■ Action item: Please write out exactly the lines of the data below from the line holding "- закончила профессиональный" through the line holding "Vintage Chinese porcelain", and leave out the rest.

■ Recorded data:
====================
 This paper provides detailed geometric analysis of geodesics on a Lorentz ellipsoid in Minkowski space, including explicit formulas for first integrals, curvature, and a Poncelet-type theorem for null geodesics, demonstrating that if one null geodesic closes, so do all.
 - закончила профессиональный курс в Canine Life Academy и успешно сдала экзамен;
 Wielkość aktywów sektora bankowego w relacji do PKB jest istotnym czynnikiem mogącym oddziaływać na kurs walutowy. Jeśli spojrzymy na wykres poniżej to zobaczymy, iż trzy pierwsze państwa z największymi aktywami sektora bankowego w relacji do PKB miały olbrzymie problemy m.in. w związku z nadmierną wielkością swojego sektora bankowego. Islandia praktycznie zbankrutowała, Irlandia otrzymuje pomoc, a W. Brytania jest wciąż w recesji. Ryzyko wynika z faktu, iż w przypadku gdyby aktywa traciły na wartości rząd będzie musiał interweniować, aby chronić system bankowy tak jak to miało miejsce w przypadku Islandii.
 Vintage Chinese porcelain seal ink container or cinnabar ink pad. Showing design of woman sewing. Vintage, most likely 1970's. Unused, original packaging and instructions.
====================
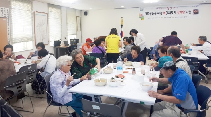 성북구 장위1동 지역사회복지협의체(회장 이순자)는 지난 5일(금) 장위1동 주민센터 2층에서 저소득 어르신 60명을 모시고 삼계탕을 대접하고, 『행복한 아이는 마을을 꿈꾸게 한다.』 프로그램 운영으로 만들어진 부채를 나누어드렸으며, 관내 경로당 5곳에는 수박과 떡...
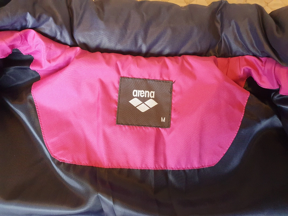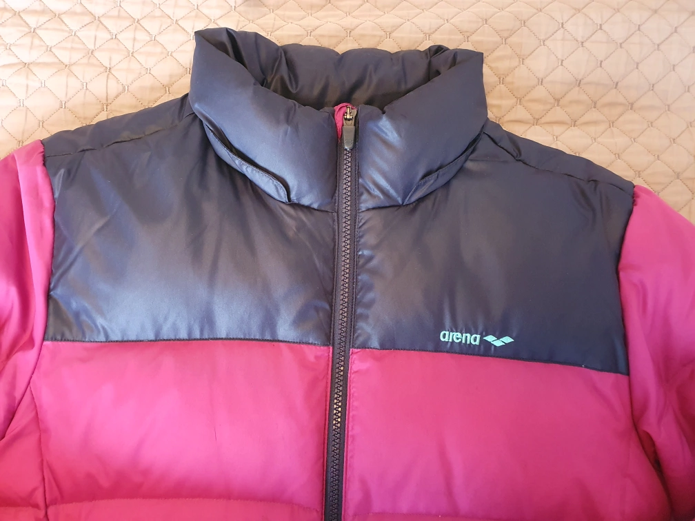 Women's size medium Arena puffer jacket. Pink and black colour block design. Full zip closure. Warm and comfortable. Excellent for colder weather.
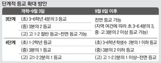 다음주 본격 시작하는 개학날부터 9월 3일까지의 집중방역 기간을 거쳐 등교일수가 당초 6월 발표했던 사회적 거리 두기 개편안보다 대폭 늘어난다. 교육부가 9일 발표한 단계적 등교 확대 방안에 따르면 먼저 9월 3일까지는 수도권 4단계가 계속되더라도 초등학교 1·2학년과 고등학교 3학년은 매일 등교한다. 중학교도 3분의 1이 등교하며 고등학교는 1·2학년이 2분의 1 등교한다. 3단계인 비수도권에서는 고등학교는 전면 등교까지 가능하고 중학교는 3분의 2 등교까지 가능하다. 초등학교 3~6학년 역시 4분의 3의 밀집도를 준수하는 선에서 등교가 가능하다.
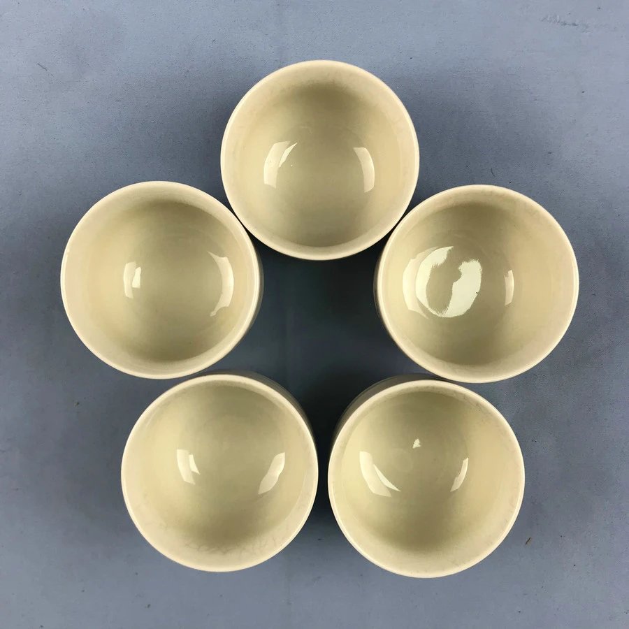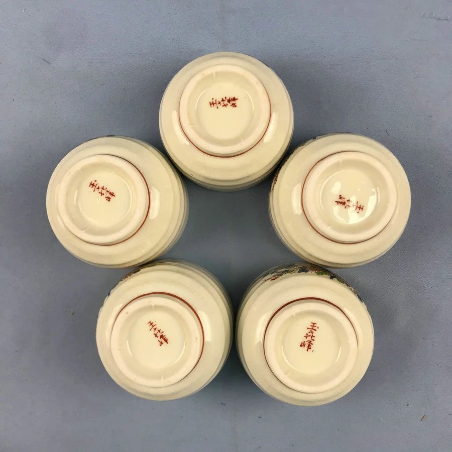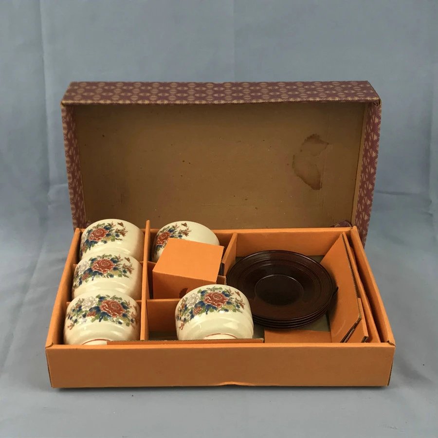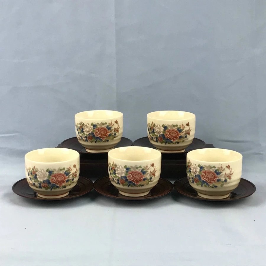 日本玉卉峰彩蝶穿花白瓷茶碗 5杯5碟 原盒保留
====================
■ Exercise output:
 - закончила профессиональный курс в Canine Life Academy и успешно сдала экзамен;
 Wielkość aktywów sektora bankowego w relacji do PKB jest istotnym czynnikiem mogącym oddziaływać na kurs walutowy. Jeśli spojrzymy na wykres poniżej to zobaczymy, iż trzy pierwsze państwa z największymi aktywami sektora bankowego w relacji do PKB miały olbrzymie problemy m.in. w związku z nadmierną wielkością swojego sektora bankowego. Islandia praktycznie zbankrutowała, Irlandia otrzymuje pomoc, a W. Brytania jest wciąż w recesji. Ryzyko wynika z faktu, iż w przypadku gdyby aktywa traciły na wartości rząd będzie musiał interweniować, aby chronić system bankowy tak jak to miało miejsce w przypadku Islandii.
 Vintage Chinese porcelain seal ink container or cinnabar ink pad. Showing design of woman sewing. Vintage, most likely 1970's. Unused, original packaging and instructions.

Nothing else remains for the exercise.